TRY IT >> Leave out the pictures and print the rest of the entries exactly as they stand.
= = = = =
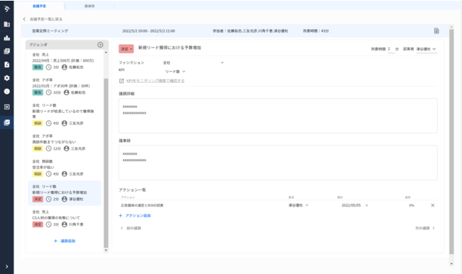 会議アジェンダごとに議事録を残すことができ、また、議論して決定したアクション施策やその担当者を各KPIに紐づけることができる点
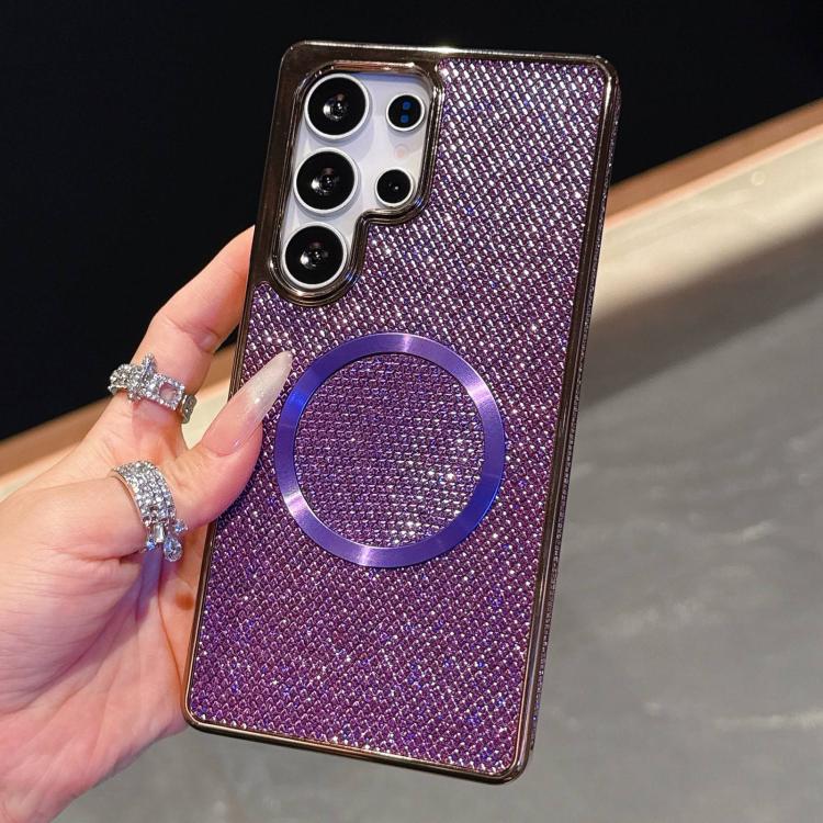 For Samsung Galaxy S23 FE 5G Electroplating PC Glitter Grain MagSafe Phone Case(Purple)
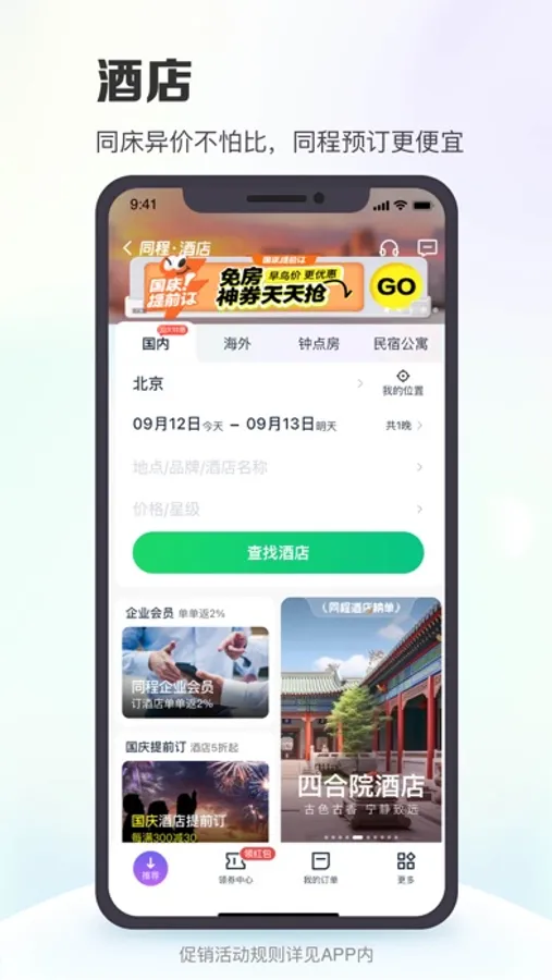3、酒店:百万酒店覆盖国内海外,钟点房/品牌连锁/民宿应有尽有,亲子/差旅/旅行面面具到。
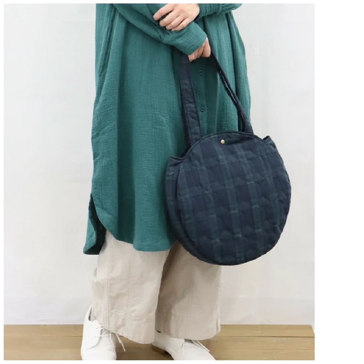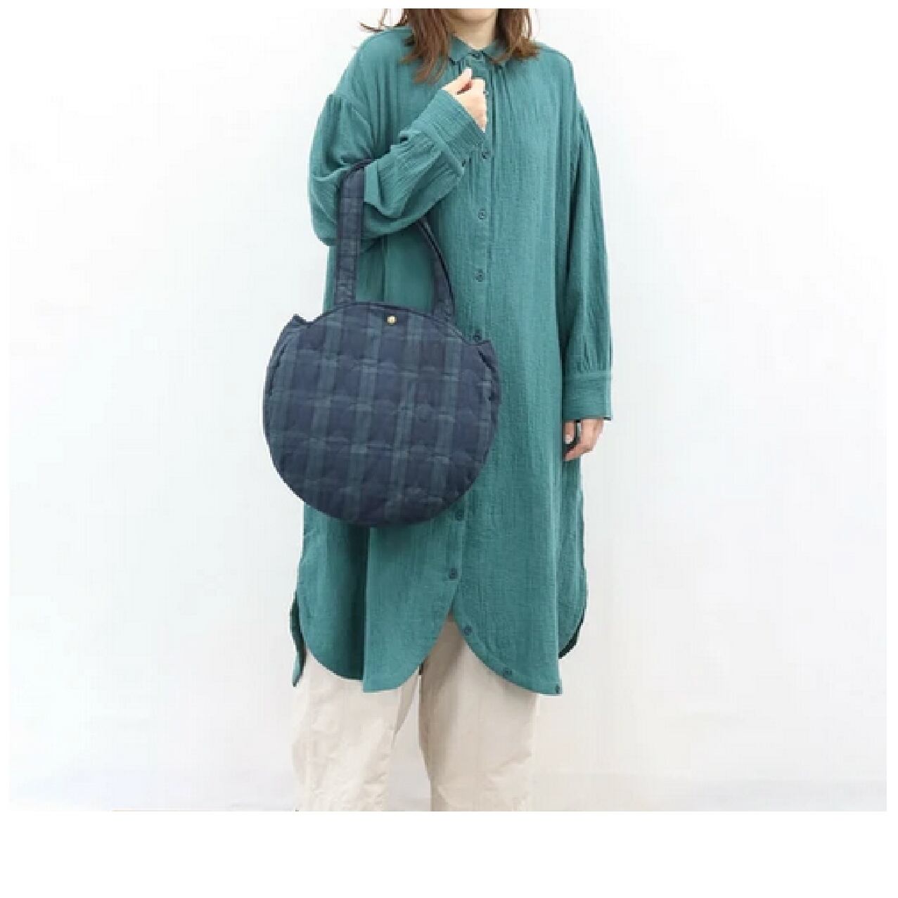 ノンノ キルト丸型バッグ/A4対応/ブラックウォッチ柄/内ポケット付
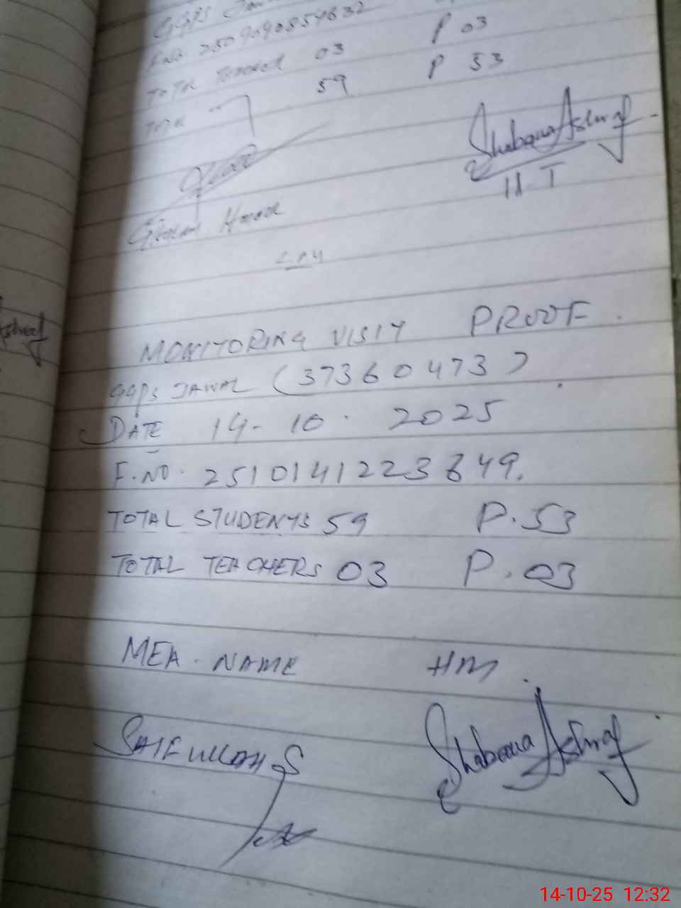 | Attendance Register | Head Teacher | MEA with School | Visit Proof |
= = = = =
RESPONSE >>
 会議アジェンダごとに議事録を残すことができ、また、議論して決定したアクション施策やその担当者を各KPIに紐づけることができる点
 For Samsung Galaxy S23 FE 5G Electroplating PC Glitter Grain MagSafe Phone Case(Purple)
3、酒店:百万酒店覆盖国内海外,钟点房/品牌连锁/民宿应有尽有,亲子/差旅/旅行面面具到。
 ノンノ キルト丸型バッグ/A4対応/ブラックウォッチ柄/内ポケット付
 | Attendance Register | Head Teacher | MEA with School | Visit Proof |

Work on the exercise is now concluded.